Mike m’a alors dit :
— J’ai pu entendre treize personnes dans la pièce. Prof a parlé par allusions, Man.
— J’avais compris. Il vaut mieux que je monte voir ce qui se passe. Tu n’as pas besoin de moi ?
— Man, j’espère que tu resteras près d’un téléphone.
— Oui. Garde une oreille dans le bureau du Gardien. J’appellerai si je vais ailleurs. Au revoir, mon vieux.
Dans le bureau du Gardien, j’ai trouvé le gouvernement au grand complet, le véritable cabinet comme les figurants… J’ai tout de suite repéré le fauteur de troubles, un certain Howard Wright. Nous avions créé un ministère bidon, rien que pour lui : Coordination des Arts, des Sciences et des Carrières libérales ! Une aumône faite à Novylen parce que presque tous les membres importants du cabinet venaient de L City, et une aumône faite à Wright parce qu’il avait de lui-même pris la tête d’un groupe parlementaire fort en parlote mais assez peu doué pour l’action. L’idée de Prof avait été de le mettre sur une voie de garage, mais il arrive à Prof d’être parfois trop clément : il y a des gens qui parlent beaucoup mieux quand ils vont respirer le vide.

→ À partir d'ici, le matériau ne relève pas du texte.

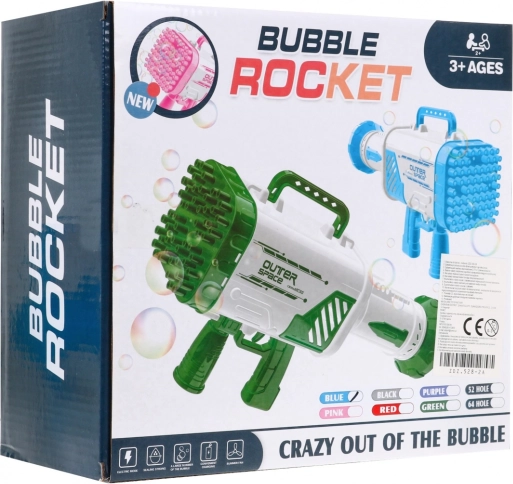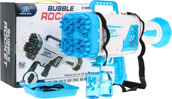 Zabavna puhalica mjehurića s futurističkim dizajnom stvara stotine mjehurića zahvaljujući glavici s 52 otvora. U kompletu je punjiva baterija, dvije punjenja i praktična traka. Može se koristiti i kao prijenosni ventilator – idealno za ljeto, vrt i dječje zabave. Jednostavno upravljanje, LED osvjetljenje mjehurića i bogata oprema za maksimalnu zabavu.
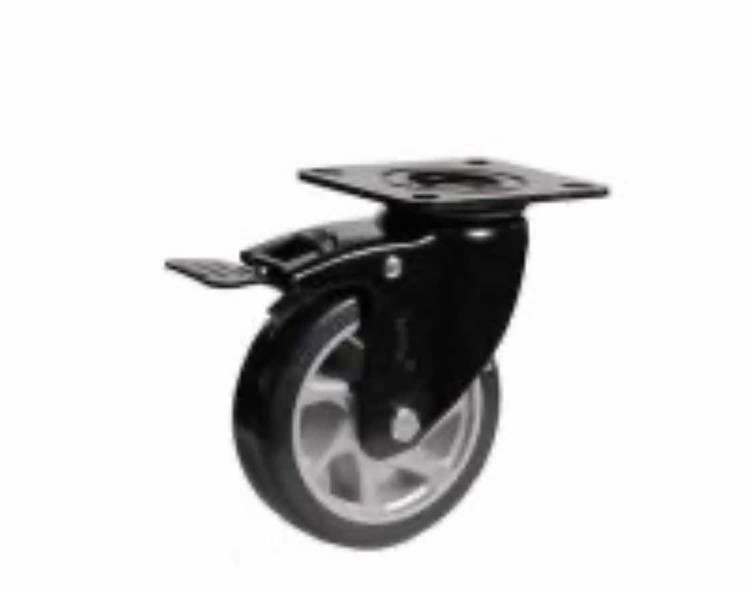 چرخ پایه مشکی پره ای سایز ۱۲۵ ترمزدار

Prof m’a demandé de faire un rapide exposé de la situation militaire au cabinet. Je l’ai fait, à ma manière.
— Je vois que Finn est ici. Qu’il nous parle de la situation dans les divers terriers.
Wright a pris la parole :
— Le général Nielsen l’a déjà fait, il n’est pas nécessaire qu’il se répète. Ce que nous voulons, c’est vous entendre, vous.
J’ai sursauté :
— Prof… excusez-moi, gospodin président. Dois-je comprendre qu’un rapport concernant la Défense nationale aurait été fait, en mon absence, pendant cette réunion du cabinet ?
— Et pourquoi pas ? a répondu Wright. On ne vous avait pas sous la main.